Karena sumber penetapan hari jadi seperti itu sama artinya mengakui keberadaan Pemerintahan Hindia
Belanda. Padahal di Kabupaten Jember, sebelumnya juga pernah berdiri sebuah kerajaan, yaitu Sadeng.

***********

Tanggal 1 Januari 2009, Pemerintah Kabupaten Jember, memasuki usianya yang ke 81. Suatu usia yang
bagi sebuah kota atau daerah, sebenarnya terbilang masih sangat muda, bila dibanding daerah lain yang
sudah mencapai ratusan tahun.

Mudanya usia Kabupaten Jember ini memang tidak bisa dihindari. Karena dari catatan yang ada,
Pemerintah Kabupaten Jember, resmi ada sejak tanggal 1 Januari 1929. Sebelum itu, Jember masih
berstatus sebagai daerah Kepatihan atau bawahan dari Karesidenan Besuki, yang berkedudukan di
Bondowoso.

Bersama Bondowoso, saat itu Jember dipimpin oleh seorang Patih, yang bertanggung jawab kepada
Resident Belanda, di Bondowoso. Patih pertama untuk Jember ketika itu, Raden Ngabehi Astro Dikoro.
Ia menjabat sebagai patih di Jember dari tahun 1805-1908.
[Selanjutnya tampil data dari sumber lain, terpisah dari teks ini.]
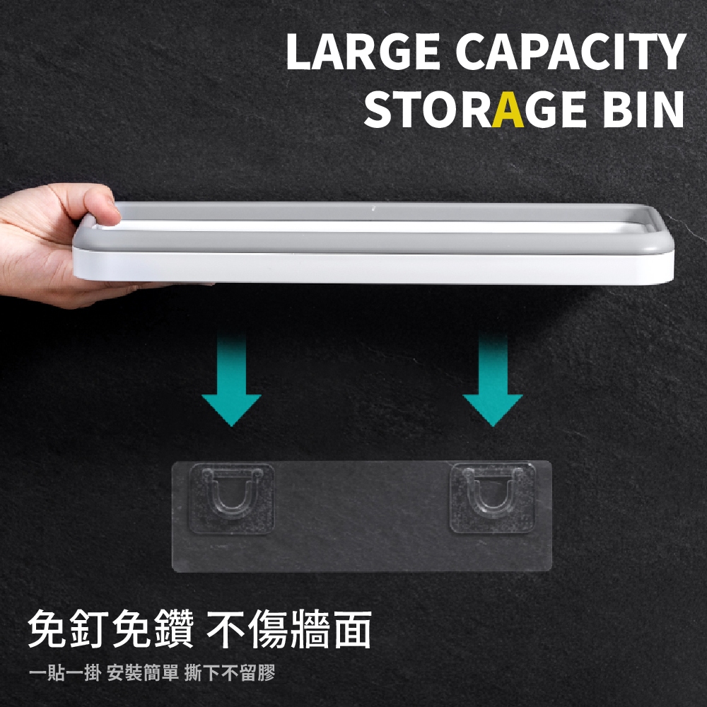 【FL生活+】無痕壁掛收納盒-衛浴無痕貼系列 浴室置物架 浴室收納架 無痕貼置物架 無痕貼收納架 四方架 可搭配洞洞板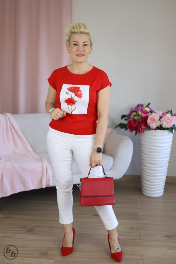 Bluzka w intensywnym odcieniu klasycznej czerwieni to doskonałe połączenie energetycznego koloru z subtelną elegancją. Centralnym punktem fasonu jest artystyczny nadruk przedstawiający maki, umieszczony na kontrastującym białym tle, który nadaje całości świeżości. Krótki rękaw wykończony delikatnym wywinięciem oraz klasyczny, okrągły dekolt sprawiają, że model ten jest niezwykle uniwersalny i komfortowy w codziennym użytkowaniu.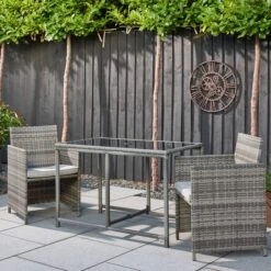 Crafted from steel and weave, this timeless Elland Bistro set is perfect for sitting down with loved ones for a drink. This set is durable, hard-wearing and weather resistant as the frame is weatherproof and the set comes powder coated to prevent rusting. Easily wipe the set clean when required. Part assembly is required to get this set ready for use.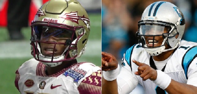 Florida State quarterback Deondre Francois and Cam Newton don’t look that much alike until Francois puts his helmet on on and you can barely tell him apart from the Panthers QB.

Jember baru resmi dinyatakan sebagai regenscap/kabupaten, setelah Pemerintah Hindia Belanda,
mengeluarkan Staatsblad nomor 322 tanggal 9 Agustus 1928, dan ditertibkan secara resmi oleh De
Aglemeene Secretaris (Sekretaris Umum Pemerintah Hindia Belanda), G.R Erdbrink, pada tanggal 21
Agustus 1928.
Dalam staatsblad tersebut dijelaskan, bahwa Pemerintah Hindia Belanda telah mengeluarkan ketentuan
tentang penataan kembali pemerintahan desentralisasi di wilayah Propinsi Jawa Timur. Ini antara lain
menunjuk Regenschap Djember sebagai masyarakat kesatuan hukum yang berdiri sendiri.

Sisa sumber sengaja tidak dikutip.